A vector has an x-component of −21.0units and a y-component of 36.5 units. Find the magnitude and direction of the vector.
X = hor. = -21 Units.
Y = ver. = 36.5 Units.
tanA = y/X = 36.5 / -21 = -1.738,
A = -60 deg. = -60 + 180 = 120 deg.,CCW.
R = X / cosA = -21 / cos(120) = 42. @ -60 deg. = -60 + 180 = 120 deg. =CCW.
R = (42,120deg.).
To find the magnitude of the vector, we can use the Pythagorean theorem.
The magnitude is given by the formula:
Magnitude = √(x^2 + y^2)
Given values:
x-component = -21.0 units
y-component = 36.5 units
Substituting the values into the formula:
Magnitude = √((-21)^2 + 36.5^2)
Magnitude = √(441 + 1332.25)
Magnitude = √(1773.25)
Magnitude ≈ 42.10 units (rounded to two decimal places)

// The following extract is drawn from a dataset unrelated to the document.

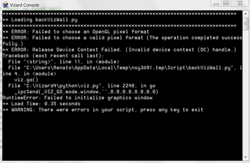 Failed to choose an OpenGL pixel format.I tried to reinstall vizard (I removed the license first) but it still doesnt work. What should I do? I am attaching a screenshot of the problem. |

To find the direction, we can use the inverse tangent function.
Direction = arctan(y-component / x-component)
Substituting the values into the formula:
Direction = arctan(36.5 / -21.0)
Calculating the value using a calculator:
Direction ≈ -60.61 degrees (rounded to two decimal places)
Therefore, the magnitude of the vector is approximately 42.10 units, and the direction is approximately -60.61 degrees.
To find the magnitude of the vector, you can use the Pythagorean theorem. The magnitude of a vector is the square root of the sum of the squares of its components.
Magnitude = √(x-component^2 + y-component^2)
In this case, the x-component is -21.0 units and the y-component is 36.5 units, so
Magnitude = √((-21.0)^2 + (36.5)^2)
= √(441 + 1332.25)
= √1773.25
≈ 42.08
The magnitude of the vector is approximately 42.08 units.
To find the direction of the vector, you can use trigonometry. The direction can be represented by the angle that the vector makes with the positive x-axis.
Direction = arctan(y-component / x-component)
In this case, the y-component is 36.5 units and the x-component is -21.0 units, so
Direction = arctan(36.5 / -21.0)
≈ -59.53°
The direction of the vector is approximately -59.53° (measured counterclockwise from the positive x-axis).